Ему незачем спрашивать имя, да он и не притворяется, что силится что-то припомнить. Я ценю это, но в то же время испытываю волнение: красивых учениц за эти годы у него были десятки, если не сотни.
— Нет.
Он, похоже, не лжет, но я не уверен.
— А до того или после?
— Нет.
— Почему же? — говорю я с деланым равнодушием.
Из расстегнутой рубашки у него выглядывают густые, лишь слегка поседевшие волосы, моя грудь, напротив, почти голая, и потому в его присутствии я обычно выступаю в роли ироничного интеллектуала, презирающего этот первейший признак мужественности.

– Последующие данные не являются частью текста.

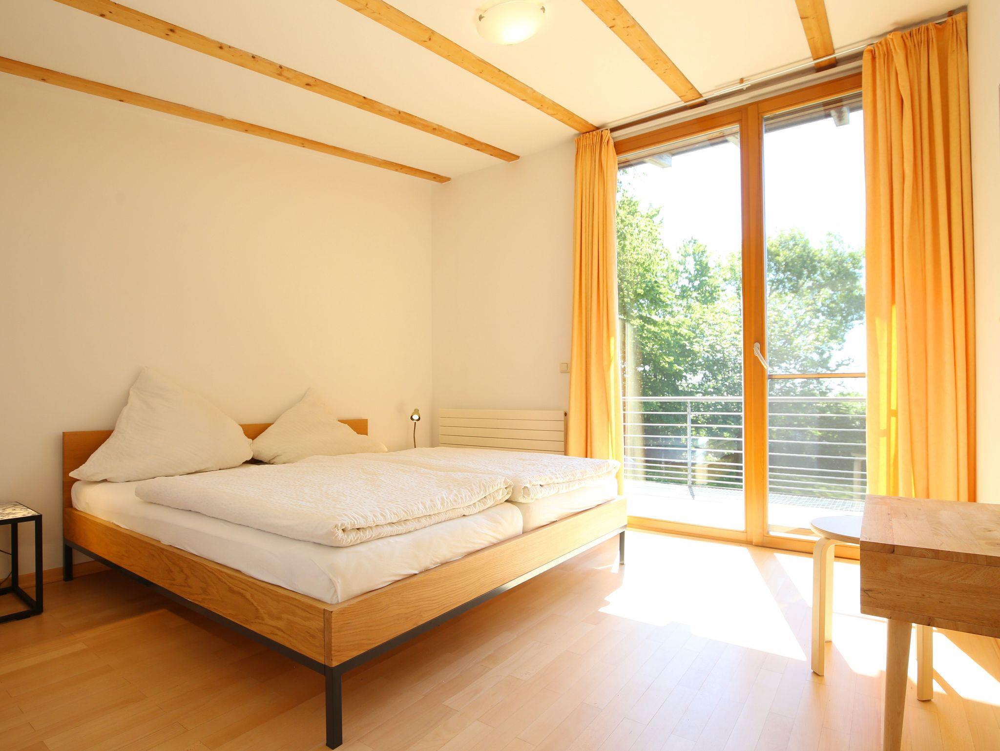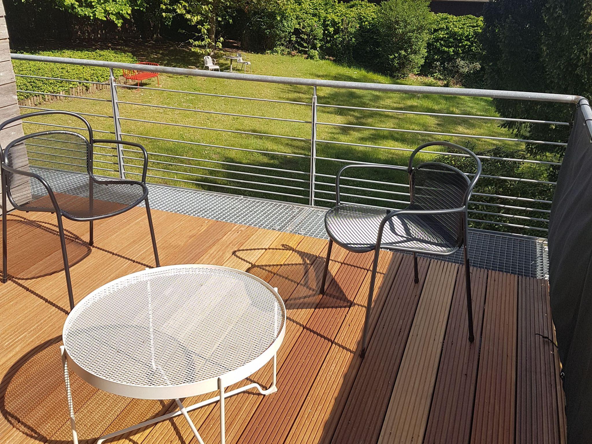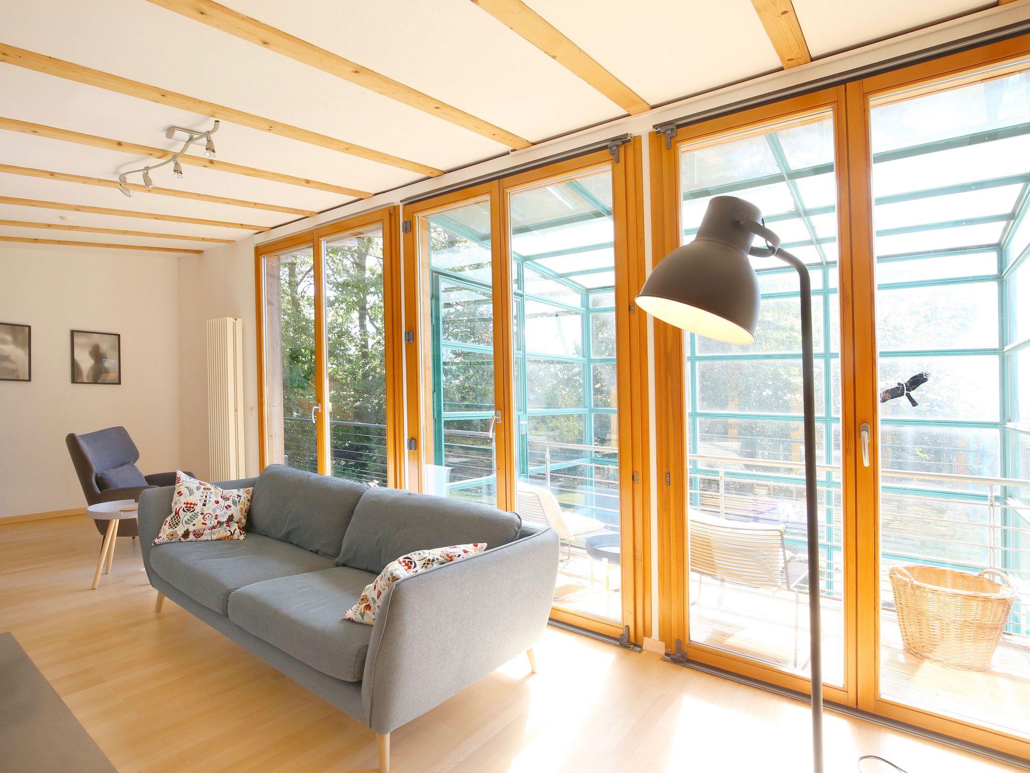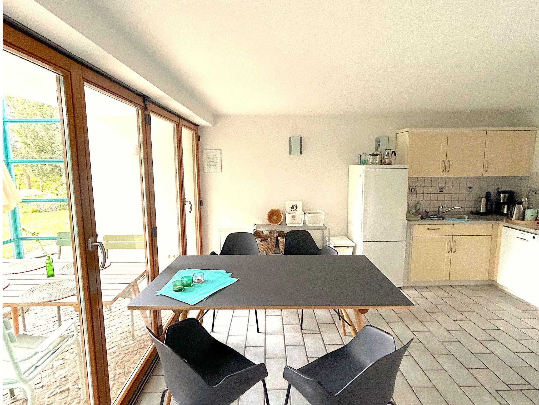 Im Erdgeschoß liegt die komplett eingerichtete Küche mit Geschirrspüler, Mikrowelle, Backofen und Kombikühlschrank sowie ein Gäste-WC. Hier befindet sich auch der Essbereich und weiterhin eine Sitzgelegenheit im Wintergarten, welcher durch die Glasschiebetüren betreten werden kann. Die Küche wird mit einer Fußbodenheizung beheizt. Von hier aus geht es hinaus auf die kleine Terrasse und die große Wiese davor. Sonnenliegen, Sonnenschirm, Grillmöglichkeit und PKW-Stellplatz sind vorhanden. Bettwäsche und Handtücher (exklusive Saunahandtücher) sind mit der Wohnung zu mieten.
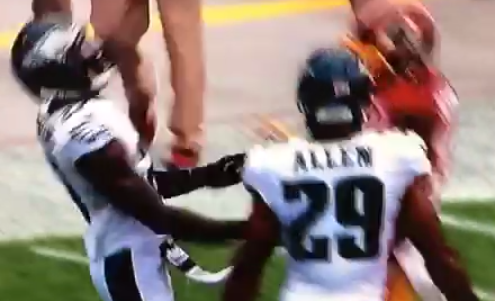 DeSean Jackson made his first catch against his former team, and went to punch the Eagles’ Malcolm Jenkins. Somehow the Eagles were the ones flagged...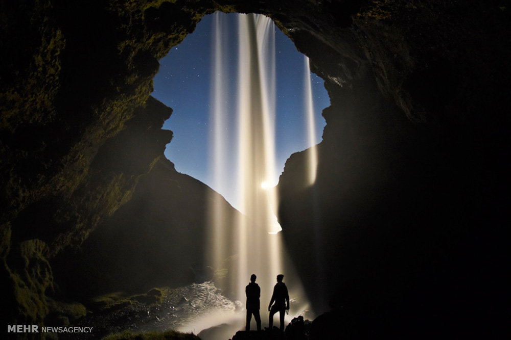 بازدید از آبشار طبیعی در شبی مهتابی در ایسلند  (Solent)

— «Когда она пришла в мой сад, / все тихо отцветало. / Скользя по окоему, ворчливо солнце засыпало».[3]
Бегство в поэзию, тотчас пришло мне на ум.
— Твоей жене сорок шесть, — замечаю я. — Когда ты женился на ней, она была на два-три года старше, чем тогда Ева.
— Но она не была моей ученицей. С ученицами — мало проку. Проблем больше, чем радости.
Я жду, однако иного объяснения мне уже не получить.
— Думается, ты должен об этом кое-что знать, — добавляет он, явно намекая на Клару.
Я по-прежнему до конца не верю ему, но зла не держу: у него нет повода лгать мне; и даже не говоря мне правды о более чем двадцатилетием прошлом, он делает это скорее всего из деликатности. Он знает, что прошлое для меня не кончилось.
— А ты? — неожиданно спрашивает он.
— Бинго! — восклицаю я. — Ключевой вопрос. В этом вся суть.
— Значит, не спал.
— Нет.
Он ни звука в ответ.
— Три буквы, а в них полжизни, — говорю я.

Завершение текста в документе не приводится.